FNB Acacia

CA Sales’ revenue jumps 28 %

SHARE   |   Wednesday, 05 September 2018   |   By Ricardo Kanono
CA Sales Distribution center CA Sales Distribution center

Merchandising giant CA Sales has reported a profit after tax of R46 million, from R32 million that was registered last year for the six month period.

CA Sales, which specialises in the Fast Moving Consumer Goods, recorded a 28 percent increase in revenue for the half year period ended 30 June 2018. Revenue for the period is R2.4 billion, up from R1.9 billion in the prior interim period, with the growth achieved through a combination of organic and acquisitive measures.


“In a challenging operating environment, management continued to focus on margin retention, stock management, dynamic service levels and continual cost analysis,” the company said in a statement.
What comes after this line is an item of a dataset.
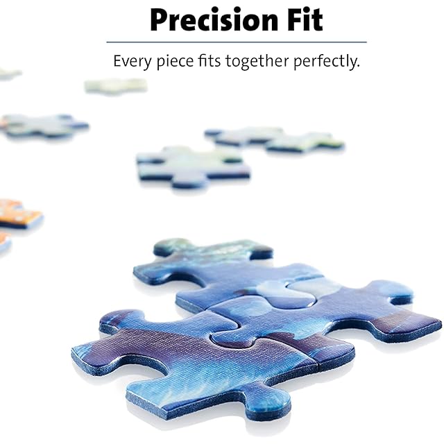 【心地良いフィット感】ラベンスバーガーのジグソーパズルは何年もかけて開発された層のない青色台紙を採用しています。適度の厚さで台紙の湾曲や劣化を防ぐとともにパズルを組み上げる際に心地良いフィット感を与えます。
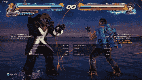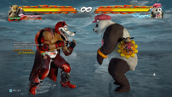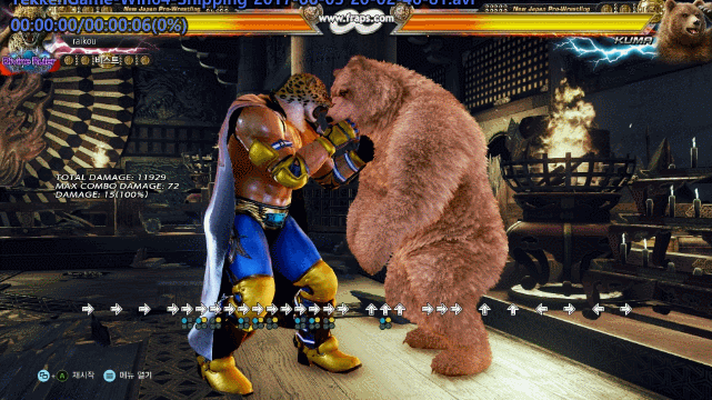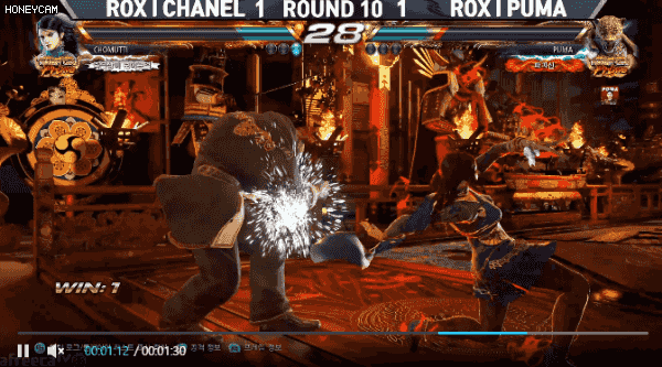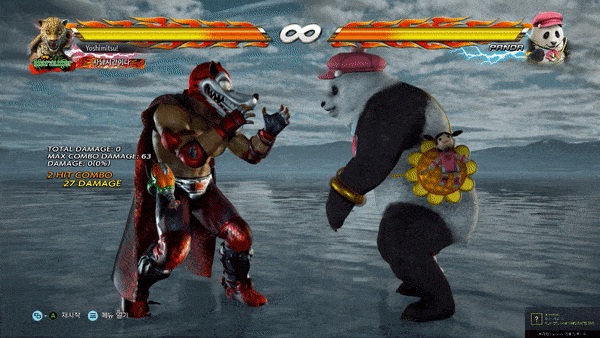 벽콤에서 원투 쎈척을 하면 쿠마가 뒤로 넘어가게된다 이를 이용한 패턴성 플레이

The Botswana Stock Exchange (BSE) listed company says this resulted in a healthy increase in gross profit of 23 percent to R382.4 million and a robust 44 percent increase in headline earnings to R45.7 million.
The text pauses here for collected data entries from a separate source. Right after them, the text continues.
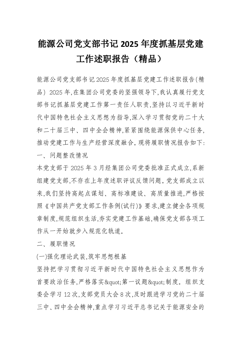 能源公司党支部书记2025年度抓基层党建工作述职报告(精品)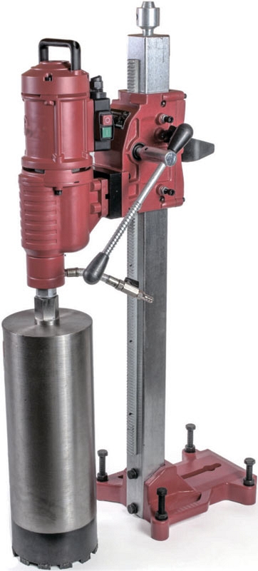 Станок алмазного бурения Brexit BrexDril 405 (Брекзит БрекзДрил 405) предназначена для бурения отверстий алмазными кольцевыми коронками Ø 15 – 405 мм в особо прочных материалах: бетоне, железобетоне разной степени армирования, кирпичной и каменной кладке, натуральном или искусственном камне с подачей воды для охлаждения.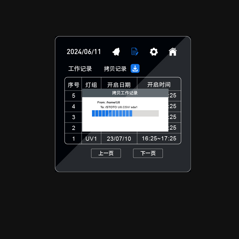 开启紫外灯,形成工作记录。自动累计紫外灯工作时间,及时提示用户更换紫外灯。

This also reported to have been supported by the increased shareholding in major subsidiaries towards the end of last year.

Headline earnings per share went up 30 percent to 10.25 cents per share from 7.83 cents in the previous corresponding period.


Despite the volatile trading environment in which the businesses operate, the group announced that it is pleased with the good results produced by the major operating companies.

“Manufacturers’ below the line marketing spend cuts have negatively impacted on the marketing and promotional operations and tough trading conditions prevailed in Namibia,” the group said.


Following the acquisition of a warehouse in Botswana at the end of June this year, the group’s total assets increased by 10 percent to R2.3 billion.

In terms of future strategy, the group says it will continue its expansion by growing its principal and customer networks and making value-adding acquisitions, widening its footprint further across the African continent.


With the challenging economic environment and difficult trading conditions expected to prevail for the time being, the group says it is well positioned with a strong balance sheet and a diverse geographical presence across Southern Africa.


The group has a diverse geographical presence across Southern Africa operating in Botswana, Lesotho, Mozambique, Namibia, South Africa, Swaziland, Zambia and Zimbabwe.